In 1965, the hard-drinking Fairlie fled to America—deeply in debt; embroiled in a scandal over a love affair with the wife of his friend, novelist Kingsley Amis; and harassed by accusations that he had slandered Lady Antonia Fraser. In 1973, he made his mark in the U.S. with the publication of The Kennedy Promise: The Politics of Expectation, a highly effective and as yet unsurpassed critique of the Kennedy administration’s rhetorical zeal and political excesses. Fairlie argued that, contrary to what his latter-day apologists claimed, Kennedy knew full well what he was doing when he pushed America deeper into Vietnam. “Activity was his method,” Fairlie wrote of JFK’s unwillingness to acknowledge the limits of politics. “An entire people was to be governed by keeping it in a constant state of expectation of the achievements which would be made possible, not merely by political actions, but the actions of a single ruler.” (Sound familiar?) He followed this up in 1976 with his best American book, The Spoiled Child of the Western World: The Miscarriage of the American Idea in Our Time, and in 1978 with The Parties: Republicans and Democrats in This Century, a lesser work that was an extension of the many pieces he wrote for The New Republic and other magazines.

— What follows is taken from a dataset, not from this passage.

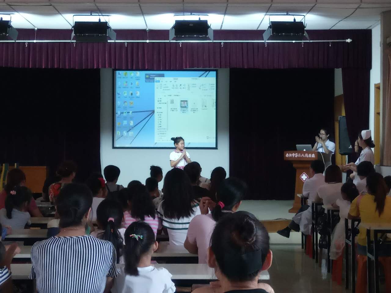在“洗手歌”歡快的歌聲里,我們開(kāi)始了今天的手衛生知識宣傳,隨著(zhù)世界衛生組織手衛生宣傳片的播放,小朋友和家長(cháng)們不再交頭接耳,會(huì )場(chǎng)很快的安靜下來(lái)。之后,醫院感染管理科方姐姐及健康體檢科鮑姐姐來(lái)到講臺,詳細講解并演示了正確的7步洗手法。
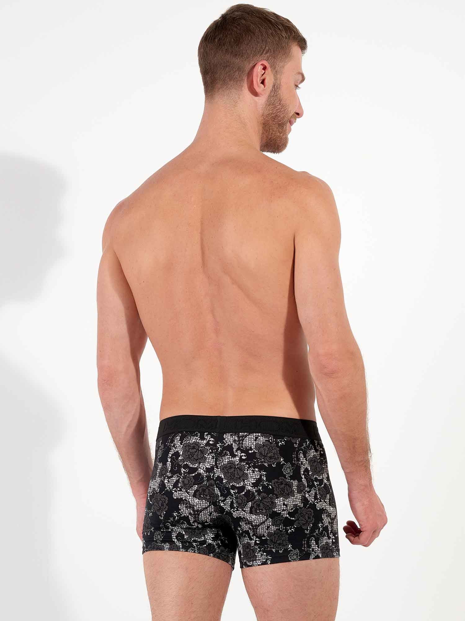 Fairmont – boxer aderenti HO1 uniscono raffinatezza ed eccellente comfort. Il mix premium di modal e cotone è morbido, traspirante e aderisce perfettamente. Il tessuto mostra un elegante motivo floreale sopra un pattern pied-de-poule nero e grigio. L’elastico attorno alle gambe garantisce una vestibilità perfetta, mentre la fodera con elastico nella parte anteriore dona sostegno e valorizza la silhouette. Per l’uomo che ama curare ogni dettaglio.

A force in his day, Fairlie has been largely and undeservedly forgotten. Fortunately, Newsweek’s Jeremy McCarter has assembled Bite the Hand That Feeds You: Essays and Provocations, a collection of Fairlie’s writing from British and American publications. In his admiring foreword, Leon Wieseltier, one of Fairlie’s editors at The New Republic, rightly points to the strength of his “intellectual vehemence.” Fairlie, Wieseltier notes, excelled in the course of charting “the baroque entanglement of political ideas and political personalities.” An English admirer praised Fairlie for writing with “the wit and psychological insights of a novelist.”

McCarter’s substantial introduction has a good ear for Fairlie’s virtues. He quotes Fairlie, a self-described “ink-stained wretch,” on the art of essay-writing: “Paul Klee once said that drawing ‘is taking a line for a walk,’” and the essayist is really taking his ideas (and his words) for a walk.” A Tory democrat like his hero Churchill, Fairlie insisted on the importance of a cohesive society, centralized power, and social egalitarianism. He was a great admirer of Harry Truman–style Democrats in the United States.

McCarter has selected some of Fairlie’s best essays, including “Evolution of a Term: The Establishment,” “Volcanic Flash: Winston Churchill,” and “Greedy Geezers,” Fairlie’s attack on the redistribution of wealth from the working poor to well-to-do retirees. He also reprints some of Fairlie’s numerous attacks on Ronald Reagan and free-market conservative populism. Today, these critiques seem mostly wide of the mark, but Fairlie scores when he argues that the Reaganite contempt for government, which easily translated into contempt for politics, would over time redound to the Republicans’ disadvantage.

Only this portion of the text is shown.